The trust deed specified that the trustee would be disqualified from holding office if the trustee entered into liquidation. As a result, the Company ceased to hold office as trustee.

Prior to action by the liquidators to realise the assets held on trust, no parties took any action to appoint a new trustee or a receiver and manager, nor did anyone seek a judicial sale of the Trust’s assets. It was not until 2016 that deeds of variation were executed to attempt to replace the trustee.

In response to these developments, the liquidator of the Company brought an application in the Federal Court of Australia for directions and declarations under s 511 of the Corporations Act 2001 (Cth) and s 89 of the Trustees Act 1962 (WA).

Decision:

The case posed and answered four key questions. Find below a summary of these key points (copied directly from judgement text):

Question 1:

Are the assets of the Thompson Family Trust (Trust) as at the time of the resolution to wind up the Company (including the proceeds of sale of those assets) (Trust Assets) assets in the winding up of Killarnee Civil & Concrete Contractors Pty Ltd (In Liquidation) ACN 085 230 586 (Company) so that the liquidator had the power under section 477 of the Corporations Act 2001 (Cth) to sell the Trust Assets?           

Answer 1:

Each member of the Court answered “no”.

 Question 2:

Are either or both the proceeds of realisation of the Trust Assets and the Unfair Preference Proceeds to be applied by the Plaintiff in accordance with the priority regime established by sections 555, 556, 560 and 561 of the Corporations Act?

Answer 2:

As to the unfair preference proceeds, each member of the Court answered “yes”, with the qualification set out in [93]-[94] of the reasons of the Chief Justice, agreed in by Justice Siopis at [149] and by Justice Farrell at [199].
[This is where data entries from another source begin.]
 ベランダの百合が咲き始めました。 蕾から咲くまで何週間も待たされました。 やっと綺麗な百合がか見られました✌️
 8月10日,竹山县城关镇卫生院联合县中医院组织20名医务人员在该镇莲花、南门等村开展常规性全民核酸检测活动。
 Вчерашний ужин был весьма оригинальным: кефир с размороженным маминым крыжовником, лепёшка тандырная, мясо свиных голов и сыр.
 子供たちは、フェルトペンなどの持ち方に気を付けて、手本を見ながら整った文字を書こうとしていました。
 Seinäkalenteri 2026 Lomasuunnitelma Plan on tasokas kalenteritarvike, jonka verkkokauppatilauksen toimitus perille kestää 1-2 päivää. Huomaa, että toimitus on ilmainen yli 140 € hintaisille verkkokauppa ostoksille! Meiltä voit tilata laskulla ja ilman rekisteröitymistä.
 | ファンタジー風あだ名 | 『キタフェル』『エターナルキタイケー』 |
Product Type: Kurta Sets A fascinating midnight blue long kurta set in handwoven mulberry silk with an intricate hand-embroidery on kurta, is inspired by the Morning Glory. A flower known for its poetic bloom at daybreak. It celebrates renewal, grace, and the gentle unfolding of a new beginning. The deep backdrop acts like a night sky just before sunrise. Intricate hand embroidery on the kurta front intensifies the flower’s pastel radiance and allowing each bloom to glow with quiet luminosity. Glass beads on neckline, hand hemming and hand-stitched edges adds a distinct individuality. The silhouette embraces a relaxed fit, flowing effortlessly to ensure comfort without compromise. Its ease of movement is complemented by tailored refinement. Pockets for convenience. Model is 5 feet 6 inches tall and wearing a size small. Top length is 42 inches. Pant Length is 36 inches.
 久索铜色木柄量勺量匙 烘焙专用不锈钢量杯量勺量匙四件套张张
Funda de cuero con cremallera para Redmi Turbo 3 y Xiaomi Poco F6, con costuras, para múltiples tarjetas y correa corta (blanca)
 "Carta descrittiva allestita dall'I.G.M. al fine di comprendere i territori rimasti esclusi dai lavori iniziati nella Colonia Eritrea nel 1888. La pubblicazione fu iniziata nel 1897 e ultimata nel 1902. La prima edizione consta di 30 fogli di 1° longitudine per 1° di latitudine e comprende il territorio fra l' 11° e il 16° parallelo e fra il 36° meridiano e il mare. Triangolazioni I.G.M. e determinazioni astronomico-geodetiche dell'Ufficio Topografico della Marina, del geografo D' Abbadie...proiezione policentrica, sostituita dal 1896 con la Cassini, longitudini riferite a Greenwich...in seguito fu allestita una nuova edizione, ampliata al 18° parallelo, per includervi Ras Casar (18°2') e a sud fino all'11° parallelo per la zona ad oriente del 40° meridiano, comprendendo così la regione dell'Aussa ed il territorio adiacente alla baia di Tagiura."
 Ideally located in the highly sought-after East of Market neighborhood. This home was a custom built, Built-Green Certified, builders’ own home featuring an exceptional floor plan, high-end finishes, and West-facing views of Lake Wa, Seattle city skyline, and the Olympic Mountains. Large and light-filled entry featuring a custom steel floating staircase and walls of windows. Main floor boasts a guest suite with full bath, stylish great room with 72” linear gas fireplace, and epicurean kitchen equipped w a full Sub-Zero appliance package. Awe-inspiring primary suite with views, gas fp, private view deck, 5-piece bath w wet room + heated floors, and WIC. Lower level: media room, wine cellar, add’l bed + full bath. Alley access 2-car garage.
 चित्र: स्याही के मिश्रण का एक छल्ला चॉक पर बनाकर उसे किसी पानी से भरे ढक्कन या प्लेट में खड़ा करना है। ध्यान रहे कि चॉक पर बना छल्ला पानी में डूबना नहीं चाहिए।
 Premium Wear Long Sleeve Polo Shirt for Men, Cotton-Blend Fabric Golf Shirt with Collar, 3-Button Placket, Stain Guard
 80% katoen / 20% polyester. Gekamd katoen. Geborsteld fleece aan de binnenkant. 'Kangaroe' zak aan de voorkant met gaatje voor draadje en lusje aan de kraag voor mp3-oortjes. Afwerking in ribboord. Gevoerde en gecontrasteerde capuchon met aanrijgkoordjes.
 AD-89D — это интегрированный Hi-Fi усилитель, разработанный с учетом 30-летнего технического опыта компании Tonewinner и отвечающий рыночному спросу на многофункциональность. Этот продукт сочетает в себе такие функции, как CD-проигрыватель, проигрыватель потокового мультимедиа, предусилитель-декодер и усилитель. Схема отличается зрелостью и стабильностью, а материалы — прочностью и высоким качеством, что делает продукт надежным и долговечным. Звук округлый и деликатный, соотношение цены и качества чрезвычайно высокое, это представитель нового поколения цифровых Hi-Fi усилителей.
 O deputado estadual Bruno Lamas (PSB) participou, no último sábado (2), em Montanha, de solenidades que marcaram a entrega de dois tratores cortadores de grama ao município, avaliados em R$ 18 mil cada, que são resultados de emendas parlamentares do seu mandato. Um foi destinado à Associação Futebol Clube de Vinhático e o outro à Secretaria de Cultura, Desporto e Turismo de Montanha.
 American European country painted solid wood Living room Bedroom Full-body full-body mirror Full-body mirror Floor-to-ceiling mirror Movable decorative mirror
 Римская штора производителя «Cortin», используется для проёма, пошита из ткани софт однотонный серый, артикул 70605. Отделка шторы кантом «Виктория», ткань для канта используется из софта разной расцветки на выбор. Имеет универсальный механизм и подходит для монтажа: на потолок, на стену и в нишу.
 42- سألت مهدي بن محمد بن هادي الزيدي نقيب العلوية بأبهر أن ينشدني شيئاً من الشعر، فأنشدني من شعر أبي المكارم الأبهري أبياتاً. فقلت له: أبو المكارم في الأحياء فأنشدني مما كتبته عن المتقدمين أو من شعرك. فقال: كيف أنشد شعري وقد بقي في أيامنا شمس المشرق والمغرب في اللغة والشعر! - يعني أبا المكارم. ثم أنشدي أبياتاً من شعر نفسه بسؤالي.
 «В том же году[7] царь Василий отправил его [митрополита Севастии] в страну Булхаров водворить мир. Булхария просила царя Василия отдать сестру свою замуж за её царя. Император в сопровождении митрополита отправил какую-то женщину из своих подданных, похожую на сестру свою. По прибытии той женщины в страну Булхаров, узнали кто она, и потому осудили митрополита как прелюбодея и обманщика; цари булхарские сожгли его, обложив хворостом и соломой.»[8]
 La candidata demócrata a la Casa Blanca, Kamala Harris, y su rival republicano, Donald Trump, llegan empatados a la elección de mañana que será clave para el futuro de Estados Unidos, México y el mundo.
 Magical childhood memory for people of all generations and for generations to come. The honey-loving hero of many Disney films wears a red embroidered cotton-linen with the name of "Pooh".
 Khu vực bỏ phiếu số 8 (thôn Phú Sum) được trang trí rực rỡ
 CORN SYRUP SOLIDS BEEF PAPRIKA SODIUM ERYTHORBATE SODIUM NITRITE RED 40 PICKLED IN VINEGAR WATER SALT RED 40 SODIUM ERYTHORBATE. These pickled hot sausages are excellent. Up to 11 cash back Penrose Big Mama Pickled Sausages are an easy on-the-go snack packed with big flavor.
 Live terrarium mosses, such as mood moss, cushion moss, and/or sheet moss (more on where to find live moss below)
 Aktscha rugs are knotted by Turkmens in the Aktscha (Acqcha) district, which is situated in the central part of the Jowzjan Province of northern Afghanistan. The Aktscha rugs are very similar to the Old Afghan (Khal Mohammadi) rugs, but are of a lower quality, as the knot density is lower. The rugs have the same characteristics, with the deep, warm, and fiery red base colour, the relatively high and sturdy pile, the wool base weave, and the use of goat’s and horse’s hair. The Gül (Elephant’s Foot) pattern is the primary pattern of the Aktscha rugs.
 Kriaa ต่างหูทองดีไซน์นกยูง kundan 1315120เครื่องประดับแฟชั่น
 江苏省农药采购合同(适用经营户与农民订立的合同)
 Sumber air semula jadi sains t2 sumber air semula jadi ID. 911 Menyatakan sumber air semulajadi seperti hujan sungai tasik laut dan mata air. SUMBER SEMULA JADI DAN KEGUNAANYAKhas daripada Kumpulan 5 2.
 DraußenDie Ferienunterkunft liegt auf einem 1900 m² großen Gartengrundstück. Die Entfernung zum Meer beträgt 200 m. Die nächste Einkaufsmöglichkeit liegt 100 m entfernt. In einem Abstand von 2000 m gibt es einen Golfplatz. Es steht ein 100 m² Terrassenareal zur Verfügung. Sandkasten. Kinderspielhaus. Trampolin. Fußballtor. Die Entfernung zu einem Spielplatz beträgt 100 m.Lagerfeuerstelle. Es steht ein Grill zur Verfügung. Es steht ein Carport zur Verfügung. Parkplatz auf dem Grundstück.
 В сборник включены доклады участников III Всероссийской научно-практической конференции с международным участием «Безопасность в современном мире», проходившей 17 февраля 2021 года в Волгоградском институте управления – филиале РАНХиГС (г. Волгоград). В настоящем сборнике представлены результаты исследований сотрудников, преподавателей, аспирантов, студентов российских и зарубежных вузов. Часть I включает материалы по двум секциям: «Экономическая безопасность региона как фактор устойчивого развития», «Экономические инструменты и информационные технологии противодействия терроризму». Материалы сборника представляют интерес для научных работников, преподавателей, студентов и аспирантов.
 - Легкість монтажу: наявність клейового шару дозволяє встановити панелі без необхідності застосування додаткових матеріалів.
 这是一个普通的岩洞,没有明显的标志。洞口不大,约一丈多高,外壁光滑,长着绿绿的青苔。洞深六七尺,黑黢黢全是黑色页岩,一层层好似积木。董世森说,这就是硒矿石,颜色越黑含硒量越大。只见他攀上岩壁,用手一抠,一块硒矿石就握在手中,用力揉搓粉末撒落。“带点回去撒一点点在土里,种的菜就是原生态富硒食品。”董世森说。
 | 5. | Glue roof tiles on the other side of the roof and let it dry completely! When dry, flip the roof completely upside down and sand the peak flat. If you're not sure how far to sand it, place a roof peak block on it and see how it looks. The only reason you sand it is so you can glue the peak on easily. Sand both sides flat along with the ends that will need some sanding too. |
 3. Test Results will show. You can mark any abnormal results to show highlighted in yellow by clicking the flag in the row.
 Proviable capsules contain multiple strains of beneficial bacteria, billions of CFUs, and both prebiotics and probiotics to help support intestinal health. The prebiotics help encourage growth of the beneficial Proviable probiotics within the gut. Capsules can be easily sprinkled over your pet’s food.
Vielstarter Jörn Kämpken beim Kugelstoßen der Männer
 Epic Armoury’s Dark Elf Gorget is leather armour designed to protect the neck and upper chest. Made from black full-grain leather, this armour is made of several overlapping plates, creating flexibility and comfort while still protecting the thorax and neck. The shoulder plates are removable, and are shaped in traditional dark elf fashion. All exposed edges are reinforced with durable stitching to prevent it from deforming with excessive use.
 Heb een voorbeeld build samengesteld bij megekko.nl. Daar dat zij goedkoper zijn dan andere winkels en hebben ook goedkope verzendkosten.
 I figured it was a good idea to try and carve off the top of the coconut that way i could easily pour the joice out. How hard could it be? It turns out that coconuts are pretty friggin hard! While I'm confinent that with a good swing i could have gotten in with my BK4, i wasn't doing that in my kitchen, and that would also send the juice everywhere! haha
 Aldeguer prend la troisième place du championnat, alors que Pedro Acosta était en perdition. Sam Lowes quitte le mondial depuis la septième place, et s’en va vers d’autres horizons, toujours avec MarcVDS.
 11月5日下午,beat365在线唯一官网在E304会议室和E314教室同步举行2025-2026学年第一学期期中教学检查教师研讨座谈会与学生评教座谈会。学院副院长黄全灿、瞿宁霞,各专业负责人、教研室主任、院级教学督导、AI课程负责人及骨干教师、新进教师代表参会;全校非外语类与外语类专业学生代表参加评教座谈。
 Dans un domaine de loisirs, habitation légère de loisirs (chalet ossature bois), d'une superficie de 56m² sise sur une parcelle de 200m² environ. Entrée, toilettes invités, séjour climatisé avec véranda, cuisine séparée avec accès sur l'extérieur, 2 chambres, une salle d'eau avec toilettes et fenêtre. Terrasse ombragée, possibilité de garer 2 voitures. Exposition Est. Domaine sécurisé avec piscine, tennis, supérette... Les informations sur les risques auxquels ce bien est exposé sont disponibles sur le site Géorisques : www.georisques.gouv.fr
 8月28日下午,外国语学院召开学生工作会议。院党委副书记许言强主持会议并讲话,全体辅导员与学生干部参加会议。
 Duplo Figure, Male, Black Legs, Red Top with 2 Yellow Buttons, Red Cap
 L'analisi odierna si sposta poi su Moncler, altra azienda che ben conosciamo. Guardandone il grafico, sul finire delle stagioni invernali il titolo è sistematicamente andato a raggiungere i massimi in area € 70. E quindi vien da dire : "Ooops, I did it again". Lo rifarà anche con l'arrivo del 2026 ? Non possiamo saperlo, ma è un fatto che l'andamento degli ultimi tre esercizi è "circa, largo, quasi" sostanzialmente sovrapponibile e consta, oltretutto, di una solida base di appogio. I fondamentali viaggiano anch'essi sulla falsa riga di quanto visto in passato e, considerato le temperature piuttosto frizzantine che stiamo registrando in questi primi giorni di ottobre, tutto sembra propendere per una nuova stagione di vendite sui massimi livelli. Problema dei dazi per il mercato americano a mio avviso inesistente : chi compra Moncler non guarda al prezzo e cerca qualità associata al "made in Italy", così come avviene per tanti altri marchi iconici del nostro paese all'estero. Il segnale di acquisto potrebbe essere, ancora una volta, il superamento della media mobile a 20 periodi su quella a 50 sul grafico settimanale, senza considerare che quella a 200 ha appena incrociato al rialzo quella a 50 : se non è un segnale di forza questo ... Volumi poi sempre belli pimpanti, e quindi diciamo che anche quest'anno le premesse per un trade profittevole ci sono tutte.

As to the realisation of the Trust Assets, the Chief Justice and Justice Farrell answered “yes”, but for the different reasons set out in their reasons for judgment; and Justice Siopis answered “no”.

Question 3:

Should the Plaintiff be directed under s 511 of the Corporations Act to deal with either or both the proceeds of realisation of the Trust Assets and the Unfair Preference Proceeds as assets in the winding up of the Company?

Answer 3:

The Chief Justice answered the question “yes as to both”; Justice Siopis answered the question “yes” as to unfair preference proceeds, but “no” as to the realisation of trust assets; and Justice Farrell answers to the effect that directions should be given in accordance with the answer to question 2, which is in substance the same answer as the Chief Justice.

Question 4:

Alternatively, should the Plaintiff be directed under s 511 of the Corporations Act that either or both the proceeds of realisation of the Trust Assets and the Unfair Preference Proceeds be distributed by the Plaintiff to unsecured creditors of the Trust pari passu after providing for the costs of administration (including the Administrators’ and Liquidators’ remuneration and expenses) only?

Answer 4:

Each member of the Court answered “no”, but the Chief Justice and Justice Farrell reach that answered for reasons different to those of Justice Siopis.